Cloud Formation: Understanding condensation with latent heat is essential for cloud microphysics, influencing cloud droplet activation and lifetime.
Air Quality Modeling: Accurately modeling gas-particle partitioning helps in predicting pollutant behavior and secondary aerosol formation.

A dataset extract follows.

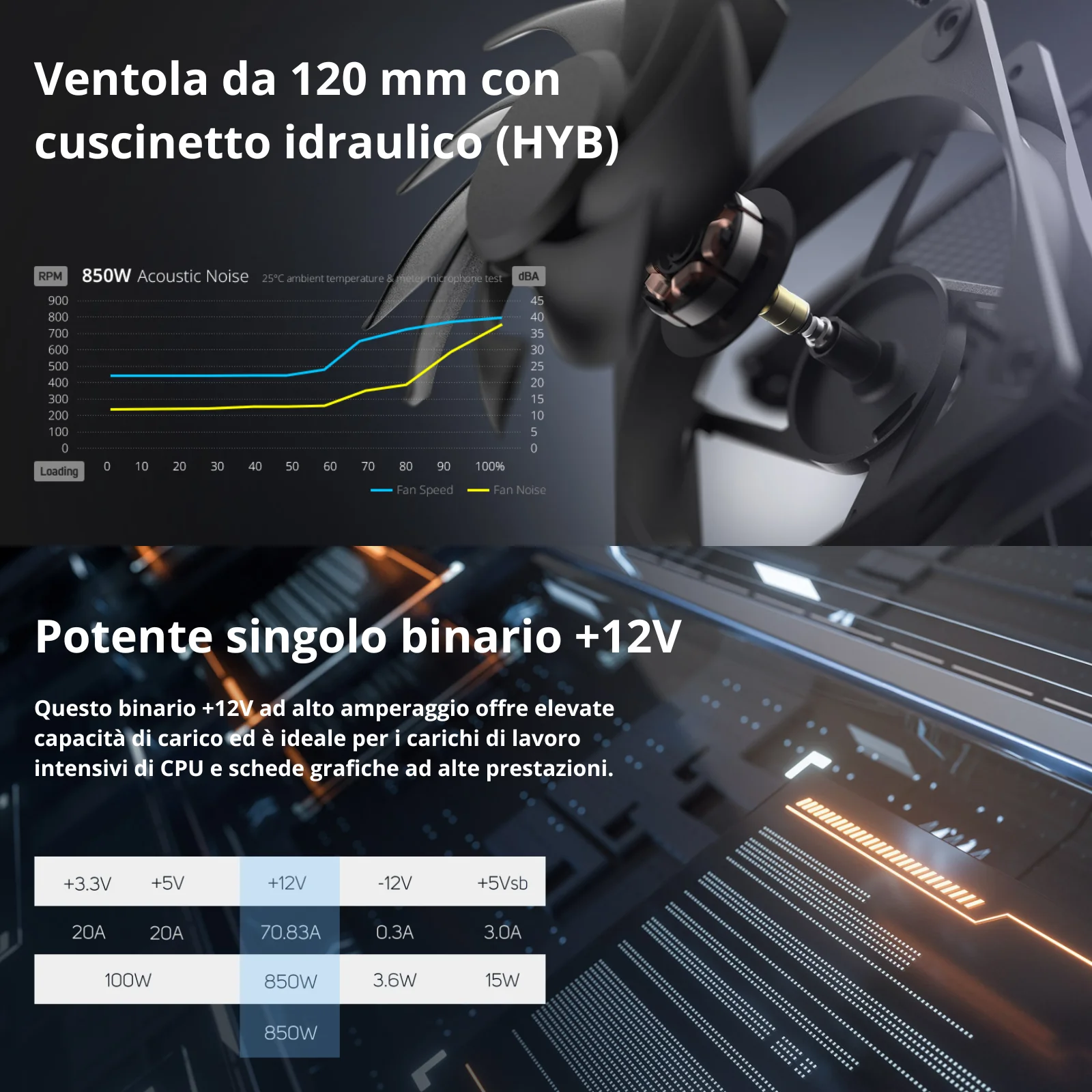 Con una efficienza tipica ≥ 90%, supportata dalla certificazione 80 PLUS Gold e Cybenetics Gold A-, questo alimentatore garantisce prestazioni stabili e consumi ottimizzati. I condensatori giapponesi a 105°C assicurano qualità, longevità e stabilità anche in condizioni estreme.

Assumptions and Limitations:

Isothermal Assumption: In the isothermal equation, neglecting latent heat is valid only when temperature changes are negligible. For processes involving significant heat exchange, the non-isothermal equation should be used.
Spherical Particles: The equations assume particles are spherical, which may not hold true for all aerosols (e.g., fractal soot particles).
Uniform Composition: Assumes homogeneous particle composition. In reality, phase separation or gradients may exist within particles.

Further Considerations:

Multicomponent Systems: In mixtures, interactions between different species can complicate calculations. Mutual diffusion coefficients and interactive effects need to be considered.
Dynamic Conditions: Environmental factors like fluctuating temperature and pressure can affect condensation rates. Real-world applications may require time-dependent modeling.
Parameter Estimation: Accurate values for parameters like Dᵢ, αᵢ, and γᵢ are necessary for precise predictions but can be challenging to obtain, especially for complex organic species.

Conclusion¶

By reviewing the equations and expanding on the descriptions, we enhance the understanding of condensation processes in aerosol dynamics. The interplay between mass transfer, thermodynamics, and kinetics is critical for accurately modeling aerosol behavior. Recognizing the importance of each parameter and the assumptions inherent in these equations allows for more informed application and interpretation in research and environmental modeling.

References¶

Topping, D., & Bane, M. (2022). Introduction to Aerosol Modelling. Wiley. DOI: 10.1002/9781119625728
Seinfeld, J. H., & Pandis, S. N. (2016). Atmospheric Chemistry and Physics: From Air Pollution to Climate Change (3^rd ed.). Wiley.